BlackBerry’s mobile messaging network is back in action after a four-day global outage, but a massive backlog of emails and text messages will translate into service slow-downs, reports the Guardian
BlackBerry owner Research in Motion (RIM) is apparently protected from compensation claims by its millions of customers.
The small print in customer contracts protects RIM from claims in the event of an outage, according to the newspaper.
It remains unclear, though, if RIM’s corporate clients have any legal recourse, and UK telecoms are looking into possible claims.
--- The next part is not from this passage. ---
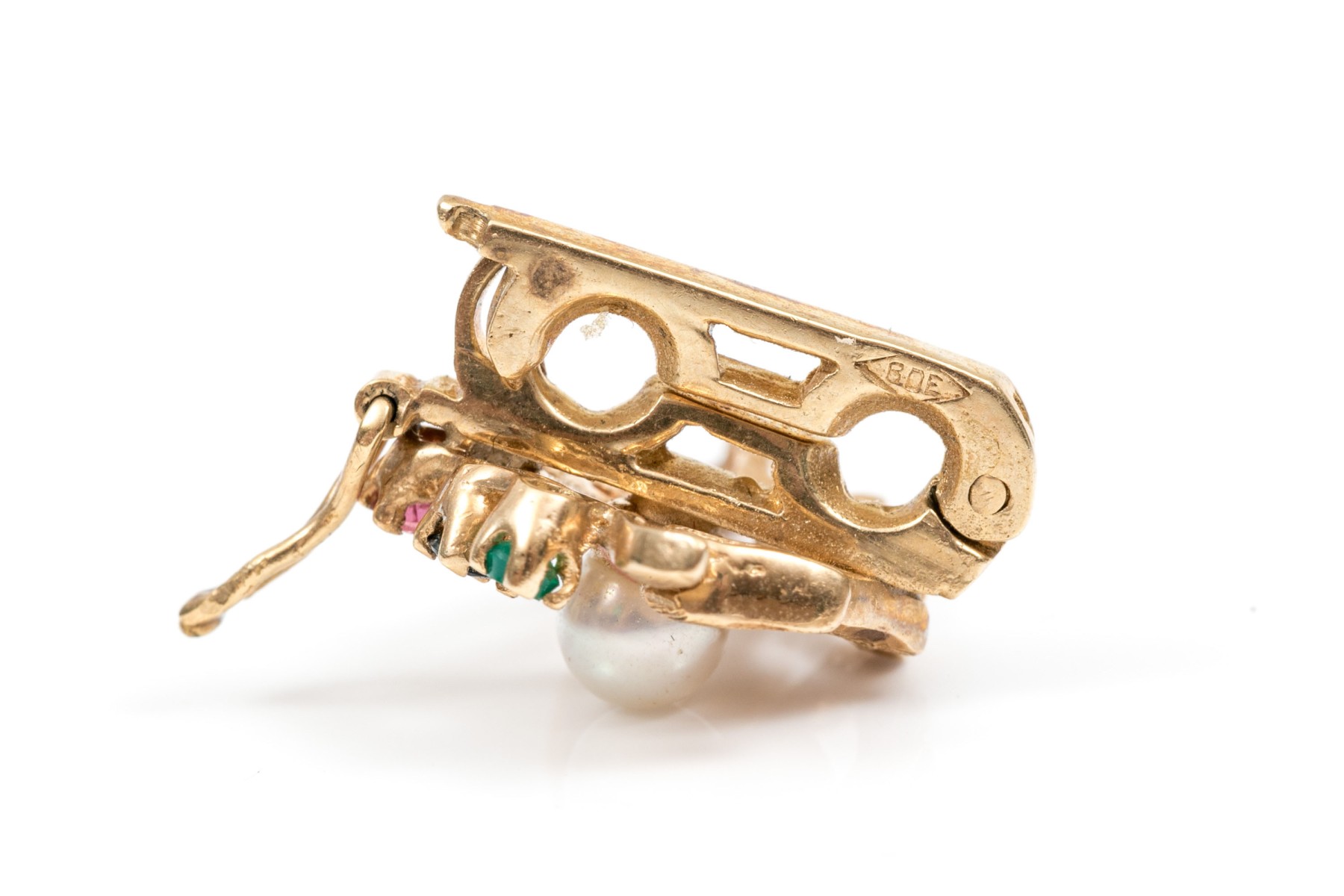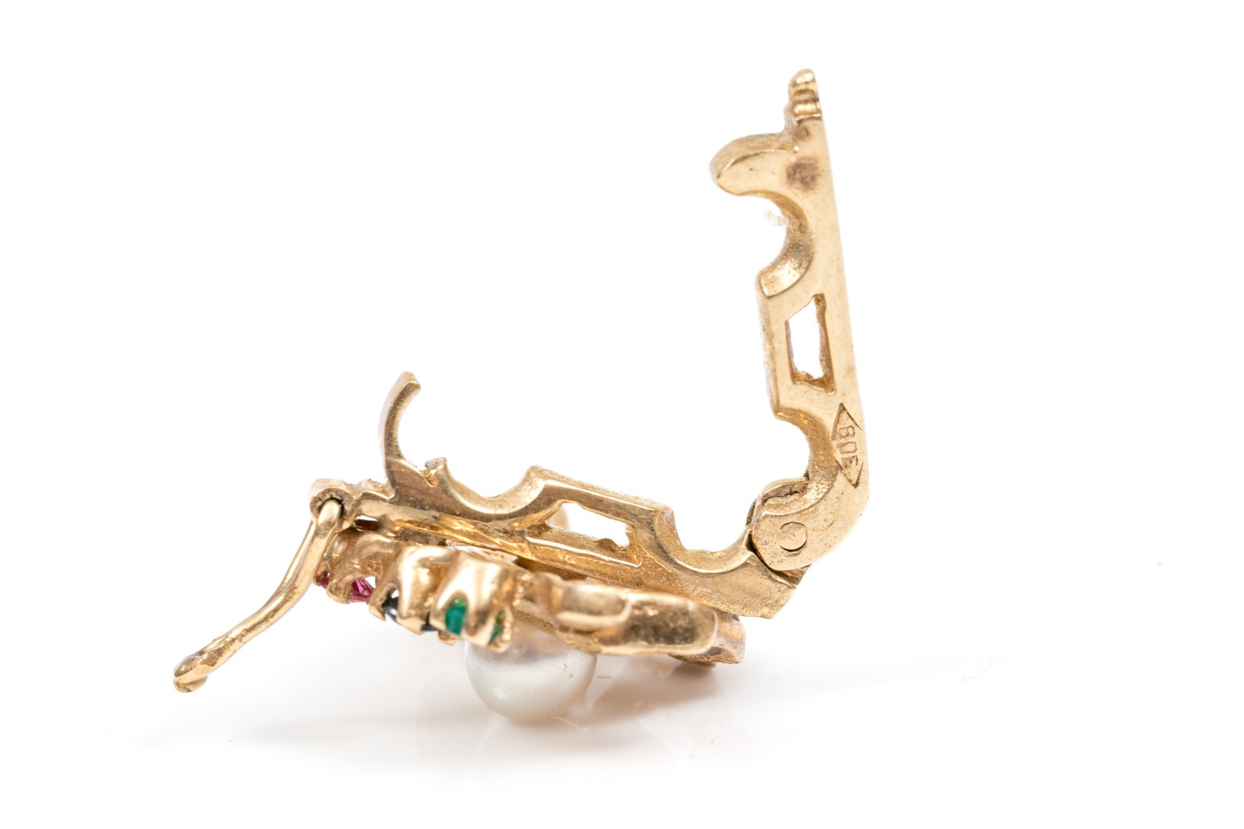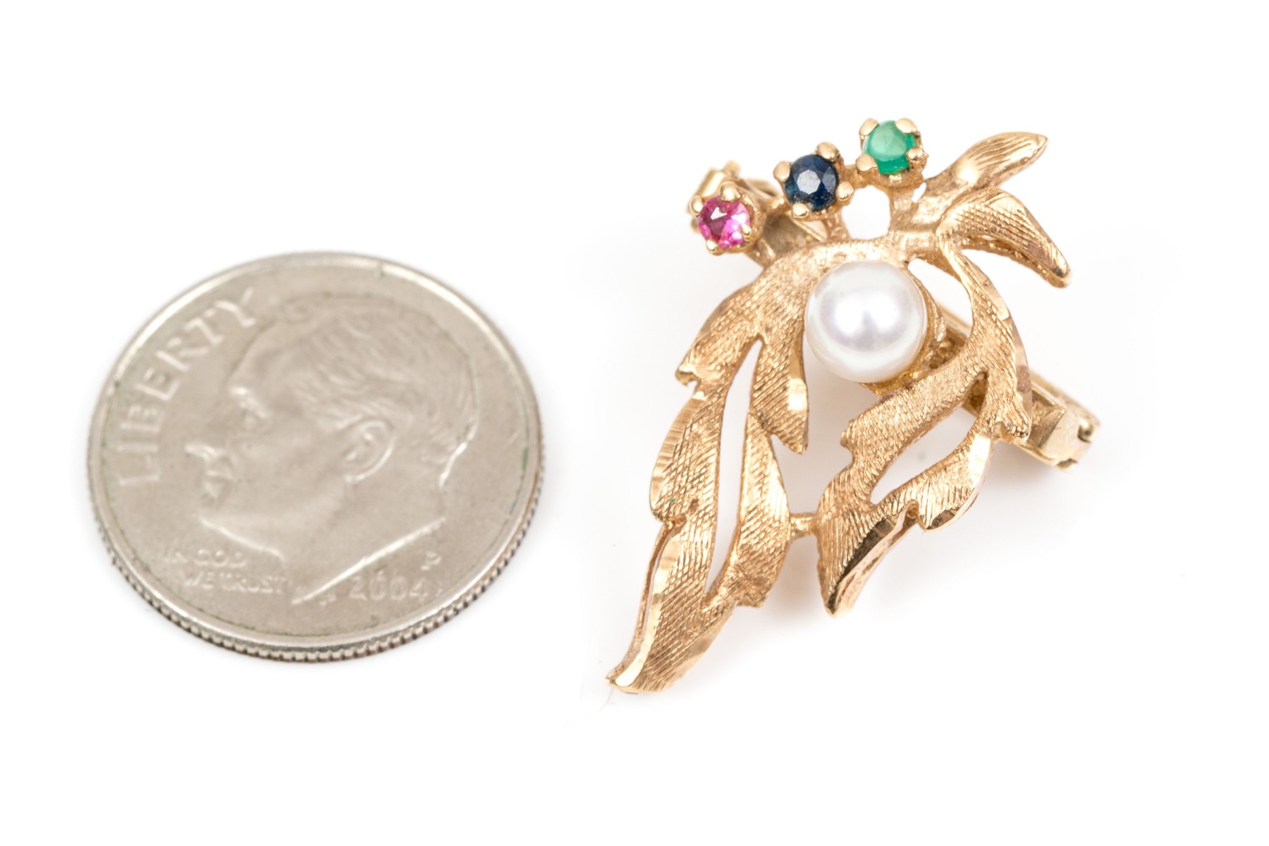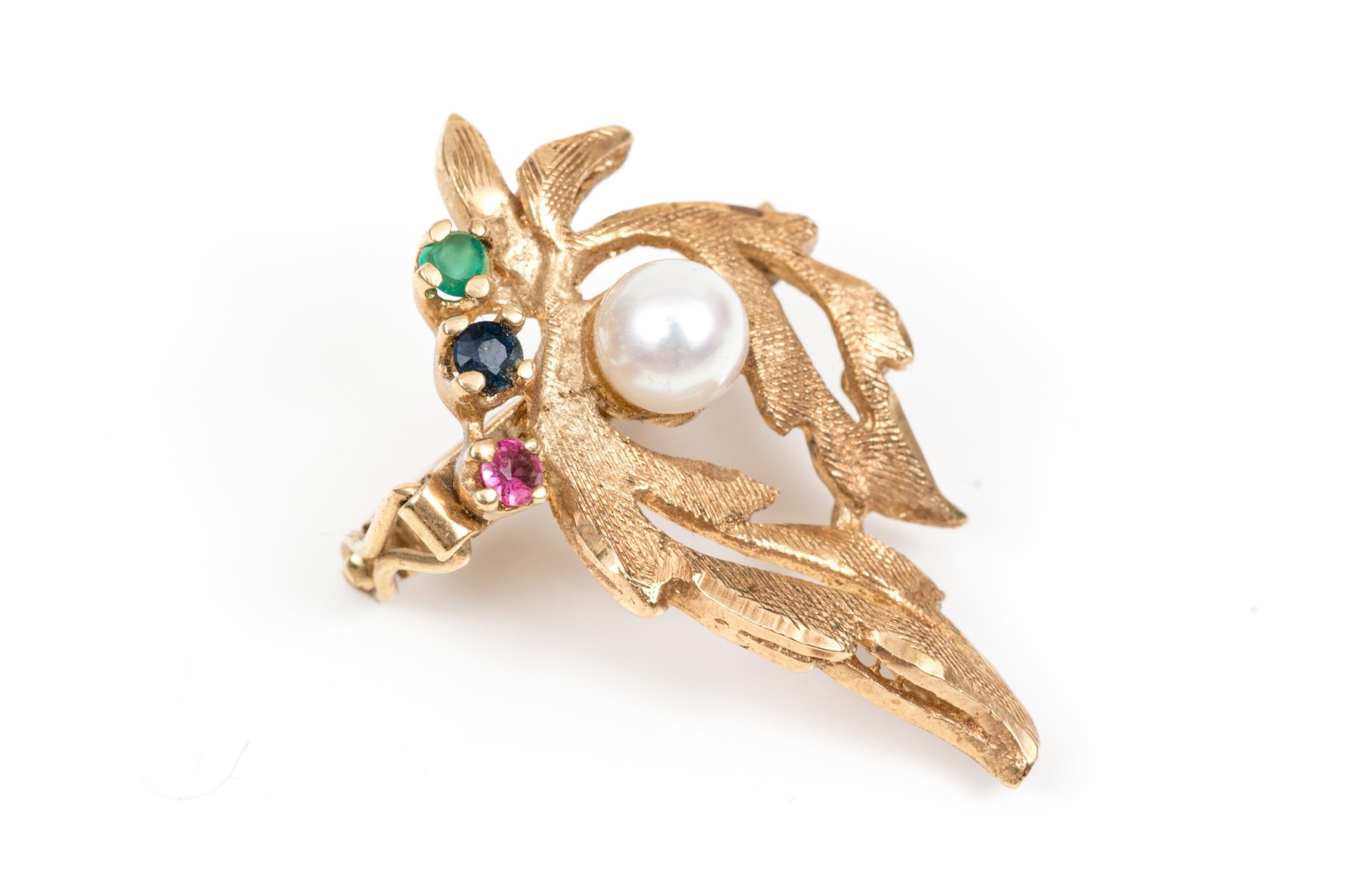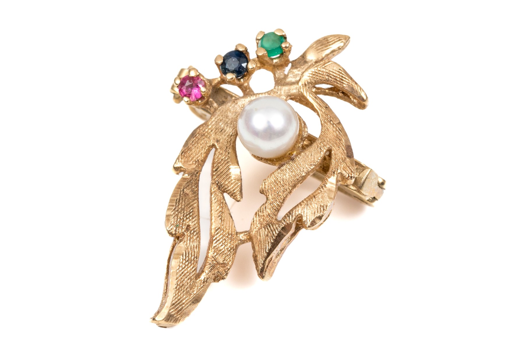 14k yellow gold vintage cultured pearl, ruby, sapphire, emerald bead enhancer, prong set, finished with a figure eight style clasp.

RIM co-chief executive Jim Balsillie downplayed the possibility. "The one thing you have to understand about these carriers is that people understand the complexity of these systems, and when something like this happens, everybody pulls together because it's all about serving the customers,” he said.
RIM's chief executive and founder, Mike Lazaridis, said Thursday during a press conference that he would like to "personally apologize to all BlackBerry customers we have let down.” But if there are actionable claims, resolving them could cost the company as much as $100 million, one analyst told the Guardian.
Lazaridis reassured customers that none of the correspondence they sent during the outage would be lost. He also described how a system upgrade at a RIM facility in Britain triggered a “ripple effect” that spread worldwide.
"It caused outages and delays for some customers in Europe, the Middle East, Africa, India, Brazil, Chile and Argentina,” he said. “This caused a cascade failure in our system."